British politician (1935–2023)

Susan Petronella Thomas, Baroness Thomas of Walliswood, (20 December 1935 – 6 October 2023) was a British businesswoman and Liberal Democrat politician.

==Early life and education==
Thomas was the daughter of John Arrow and Ebba Fordham. She was educated at Cranborne Chase School and Lady Margaret Hall, Oxford, where she graduated with a Bachelor of Arts in history in 1957.

==Career==
Thomas worked for the National Economic Development Office from 1971 to 1974 and was chief executive of the Council of Europe of the British Clothing Industries from 1974 to 1978. Between 1985 and 1994, she was a school governor.

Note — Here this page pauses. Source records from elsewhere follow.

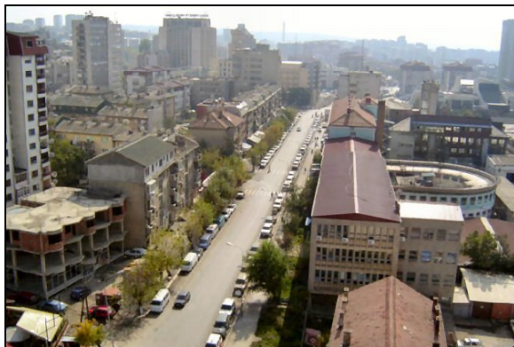
Le centre-ville de Pristina, le cœur de l'activité politique et économique du Kosovo

l'industrie minière pourrait créer jusqu'à 35.000 nouveaux emplois, un investissement substantiel de 1,8 milliards d'euros serait d'abord nécessaire pour développer suffisamment le secteur de l'exploitation minière au Kosovo. Le statut politique encore non défini du Kosovo est un obstacle important à l'injection de capitaux étrangers et l'on peut seulement espérer que la résolution du statut du Kosovo, prévue pour 2006, permettra une augmentation des investissements étrangers et l'obtention de prêts pour le développement qui donneraient un sérieux coup de pouce à l'économie locale.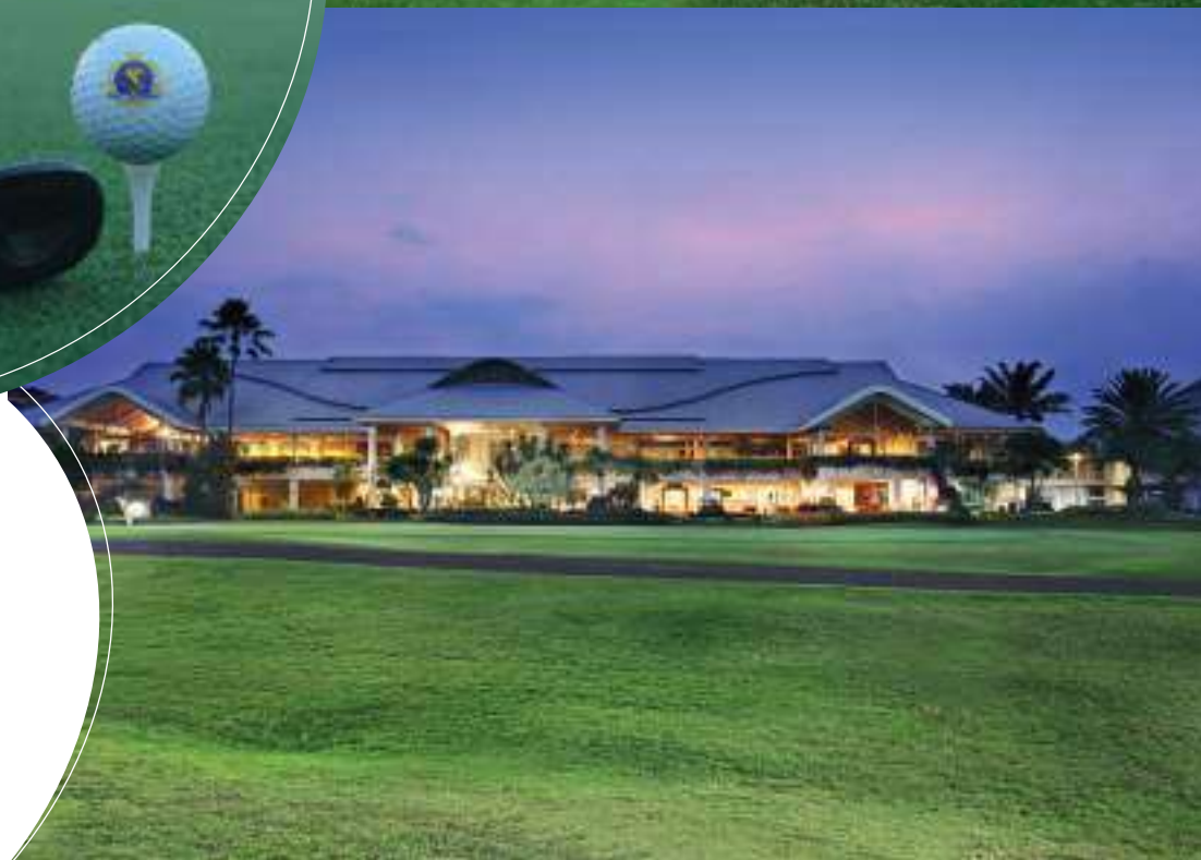
Modern Golf & Country Club dengan berbagai fasilitasnya.

“ Modernland Realty yakin, jika perusahaan yang memiliki porsi recurring income akan cenderung lebih stabil dibandingkan yang tidak memiliki pendapatan berulang. ”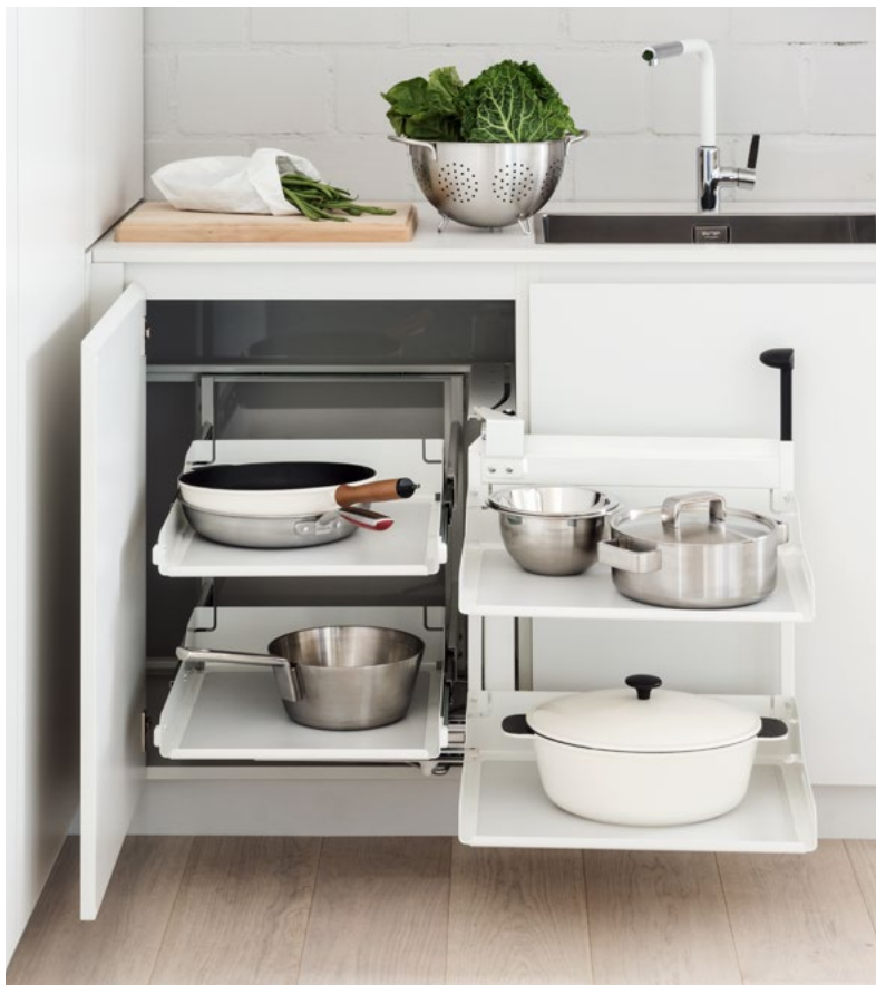
Système coulissant d'angle Magic Corner Comfort : Il suffit d'ouvrir la porte et de tirer sur la poignée pour que les étagères avant sortent entièrement du meuble en pivotant.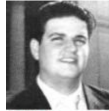
José A. Echeverría

13 de 1957: Se produce en La Habana el Asalto al Palacio Presidencial, la Toma de Radio Reloj y la muerte del presidente de la FEU José Antonio Echeverría Bianchi en un serio intento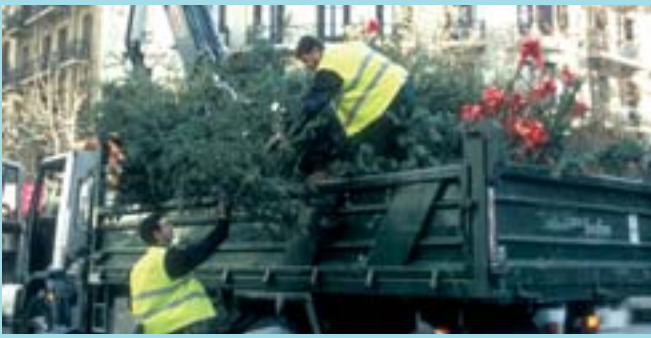
Els arbres recollits són triturats i convertits en compostatge.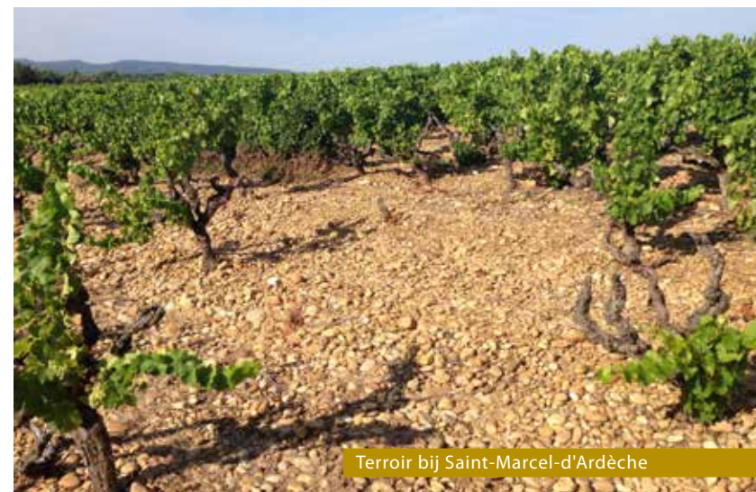
Terroir bij Saint-Marcel-d'Ardèche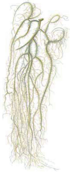
Rippunaava Usnea dasycarpa • Skägglar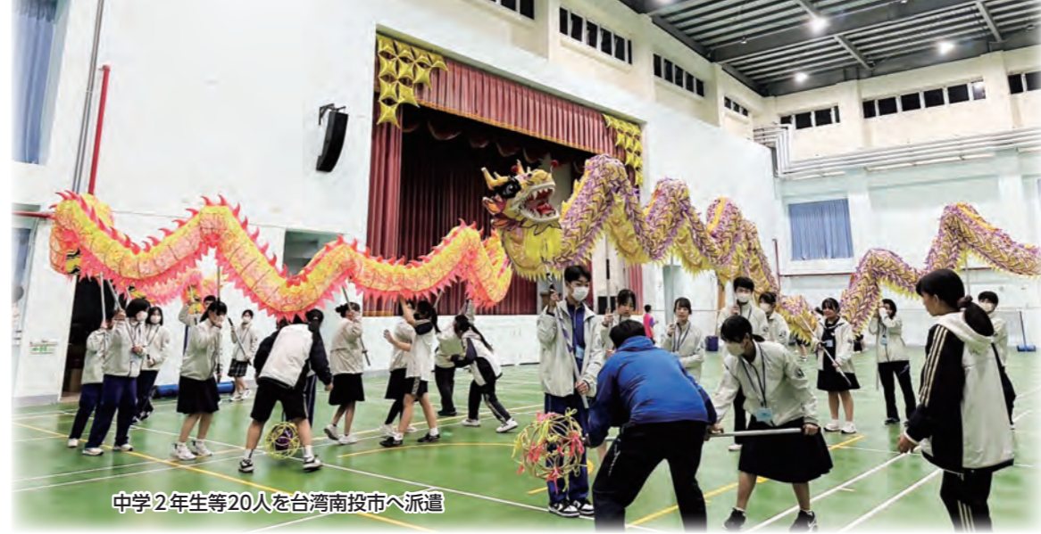
中学2年生等20人を台湾南投市へ派遣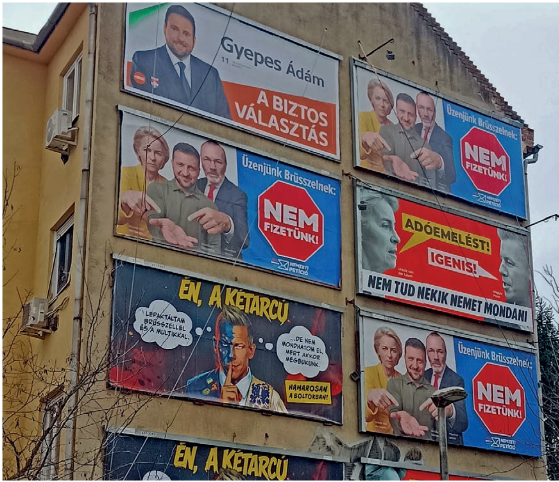
Suuret Fidesz-KDNP:n julisteet hallitsevat politiikan maisemaa myös 2026 vaalikamppailussa.

Vaalit eivät vapaudestaan huolimatta ole Fideszin valtakaudella olleet reilut, eivätkä ole sitä nykyään. Mielipiteitä ohjallaan valtiollisen median sekä poliittisen mainonnan ja sen rajoitusten turvin. Esimerkkinä ovat jo Fideszin tavaramerkiksi muodostuneet propagandajulisteet, jotka jälleen värittävätkin Unkarin katu-kuva. Myös Péter Magyar on ollut jatkuvan mustamaalaus-kampanjan kohteena siitä lähtien, kun

Thomas contested Mole Valley for the SDP-Liberal Alliance in the 1983 and 1987 general elections, finishing second of three candidates on both occasions, and receiving 14,973 votes (30.7%) and 15,613 votes (29.9%) respectively. She also stood in Surrey for the Liberal Democrats in the 1994 European Parliament election, but failed to be elected.

==Personal life and death==
In 1958, she had married David Churchill Thomas. They have three daughters, including the author Tom Cain.

Baroness Thomas died on 6 October 2023, at the age of 87.

==Honours==
In the 1989 Birthday Honours, Thomas was appointed an Officer of the Order of the British Empire (OBE) "for political service". Thomas was appointed in January 1996 a Deputy Lieutenant of Surrey.

On 6 October 1994, she was created a life peer as Baroness Thomas of Walliswood, of Dorking in the County of Surrey. She sat in the House of Lords until 18 May 2016, at which point she ceased to be a member pursuant to section 2 of the House of Lords Reform Act 2014, having failed to attend during the whole of the 2015–16 session without being on leave of absence.